From May 1, security researchers will have three months to research and disclose any vulnerabilities they can find in Uber’s websites and apps. Uber is making public what it calls a “treasure map” of its code to help security researchers examine the code for any issues. The bug bounty program was previously in beta but will now be open to anyone to try.
Multiple bugs found will result in bonus rewards to encourage hackers to stay loyal to Uber and continue scrutinizing its security for the better. Some of the vulnerabilities it is looking for include cross-site scripting and SQL injection.
Hackers will have to privately disclose their findings to Uber and only after the bug has been patched will the details be made public.
Critical vulnerabilities will pay $10,000, and include things like remote code execution or exposing user data. “Significant issues” such as cross-site scripting and failed authentication features will pay $5,000, while “medium issues” will pay $3,000 for less serious bugs that don’t expose any personal identifiable information (PII) on users.

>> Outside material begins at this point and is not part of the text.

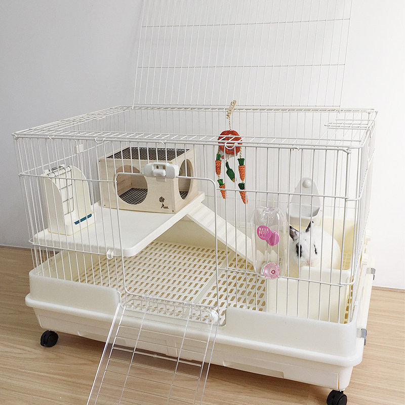 riyoka Ruiyou family rabbit cage luxury double deck rabbit villa white double drawer anti-spraying guinea pig dutch pig cage
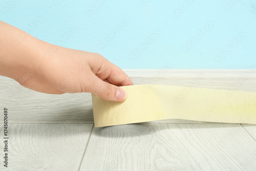 Woman applying masking tape to baseboard near blue wall, closeup

The bug bounty program comes after Uber experienced its fair share of security problems. A 2014 data breach exposed 50,000 Uber drivers’ personal details. The company failed to act on it for months and ultimately paid a $20,000 fine in the state of New York. The source of the breach even led to accusations involving Uber’s competitors.
Meanwhile compromised user accounts have been spotted on the dark Web selling for as little as a $1 apiece with few details on how exactly they were breached. Finally, in an embarrassing episode in January the personal information, including a social security number, of one Uber driver in Florida was accidentally sent out to thousands of other drivers.